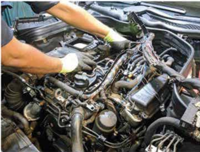
Wiring harness repair being carried out on a W212 E250 CDI
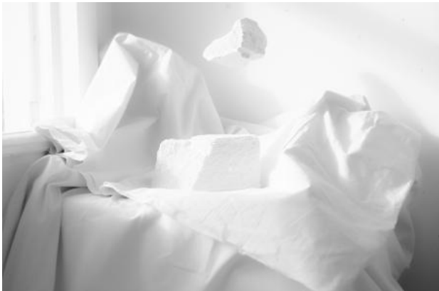
Sometimes up, sometimes down , 2022 Printed on glossy paper, in self made wood frame, 127cm x 88cm x 5cm
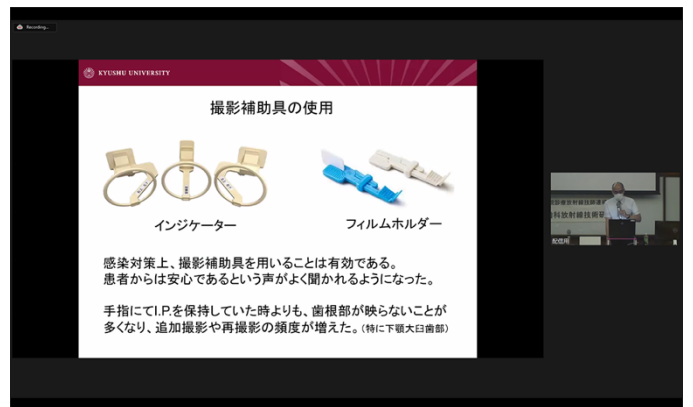
A presentation slide displayed on screen.

Picture taken at: Kyushu University Hospital
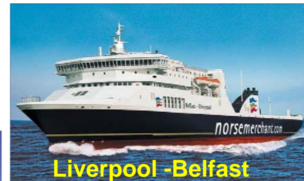
Liverpool - Belfast
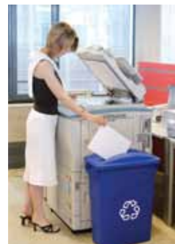
FG354173 with FG270388 lid
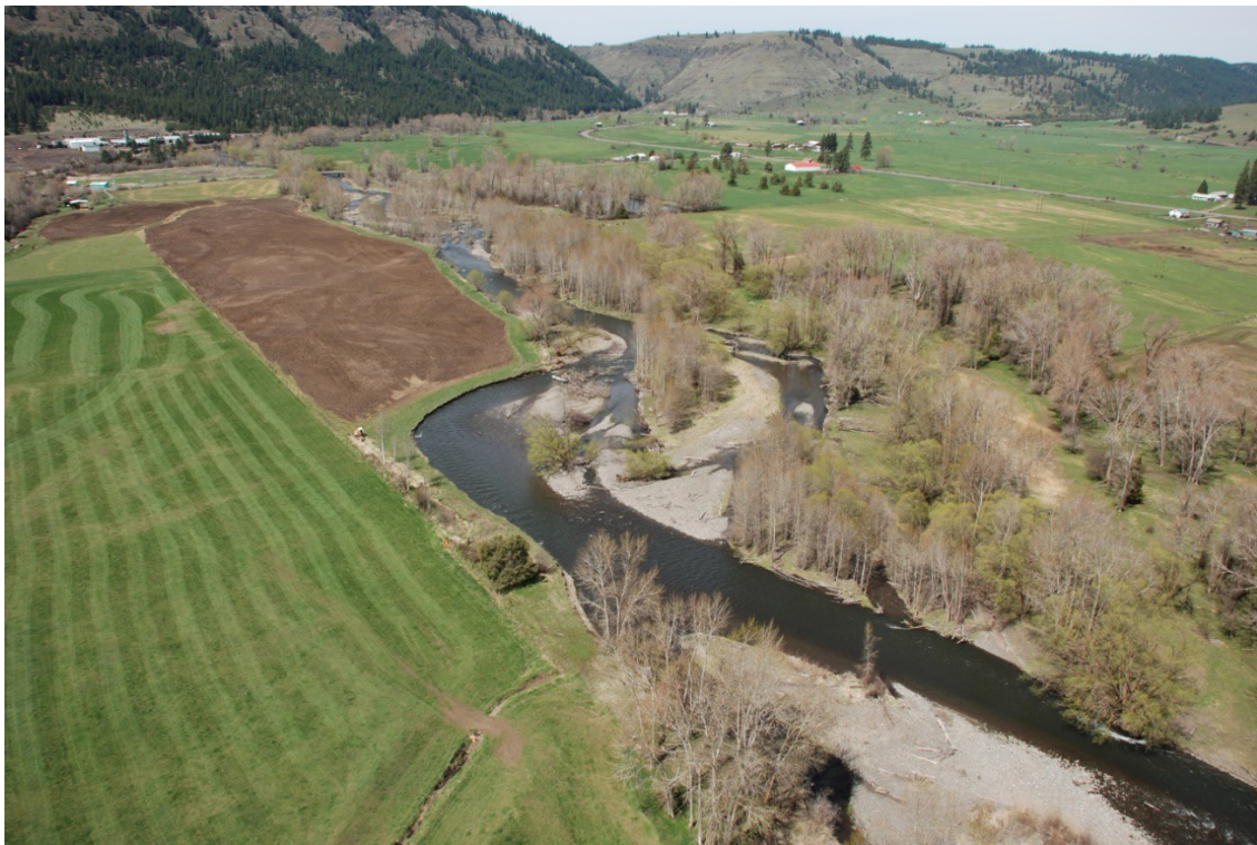
Figure 8. Aerial photo of Wallowa-Baker Project location looking downstream, 2010.

········

**TASK STATEMENT:**
Output the listing above exactly, excluding all pictures.

**RESULT FOR THIS EXERCISE:**
Wiring harness repair being carried out on a W212 E250 CDI
Sometimes up, sometimes down , 2022 Printed on glossy paper, in self made wood frame, 127cm x 88cm x 5cm
A presentation slide displayed on screen.

Picture taken at: Kyushu University Hospital
Liverpool - Belfast
FG354173 with FG270388 lid
Figure 8. Aerial photo of Wallowa-Baker Project location looking downstream, 2010.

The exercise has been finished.